In the press release,1 Formycon CEO Stefan Glombitza, PhD, stated that the FDA approval of Ahzantive was “another key milestone on [their] way to becoming the leading pure-play biosimilar developer. It highlights the expertise and experience of [their] team.” He further stated that, alongside Formycon's approved biosimilar FYB201 (reference drug Lucentis), he believes the company has an “outstanding position in ophthalmic biosimilar therapies.”
According to Formycon, the active ingredient in Ahzantive inhibits the vascular endothelial growth factor (VEGF), which is responsible for the excessive formation of blood vessels in the retina.
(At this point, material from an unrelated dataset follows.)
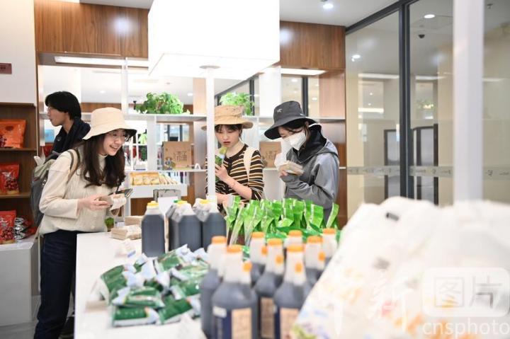 4月16日,甘肅省武威市古浪縣,學(xué)生們?cè)诎瞬缴硟缮綄?shí)踐創(chuàng)新基地參觀了解當(dāng)?shù)靥禺a(chǎn)。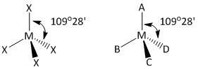 The bond angle indicates that the \[\angle AMD\] angle is \[109^\circ 28'\] which is the same as that for \[\angle XMX\] angle. Thus the bond angles in \[M{X_4}\] are written as

The company said that the FDA approval was rooted in the company's “comprehensive data package” that included “analytical, pre-clinical, clinical and manufacturing data.” The data showed that Ahzantive demonstrated comparable efficacy, safety, pharmacokinetics and immunogenicity to the reference drug Eylea in patients with nAMD.
In addition to the FDA approval, the company also submitted a marketing authorisation application with the European Medicines Agency (EMA) and expects a response by early 2025.